DIRECTIONS:
Begin at the line below that has "Colorful flowers on" and stop after the line that has "MLV12-54-LAS/76b/95/110,反射板型傳感器". Please restate only those lines, word for word.

SUPPLIED DATA:
--------

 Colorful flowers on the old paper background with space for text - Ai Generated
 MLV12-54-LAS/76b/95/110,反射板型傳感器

--------

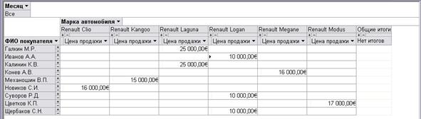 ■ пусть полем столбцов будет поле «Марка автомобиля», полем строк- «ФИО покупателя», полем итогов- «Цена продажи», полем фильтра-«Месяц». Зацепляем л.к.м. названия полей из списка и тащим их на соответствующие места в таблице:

--------

ANSWER FOR THIS EXERCISE:
 Colorful flowers on the old paper background with space for text - Ai Generated
 MLV12-54-LAS/76b/95/110,反射板型傳感器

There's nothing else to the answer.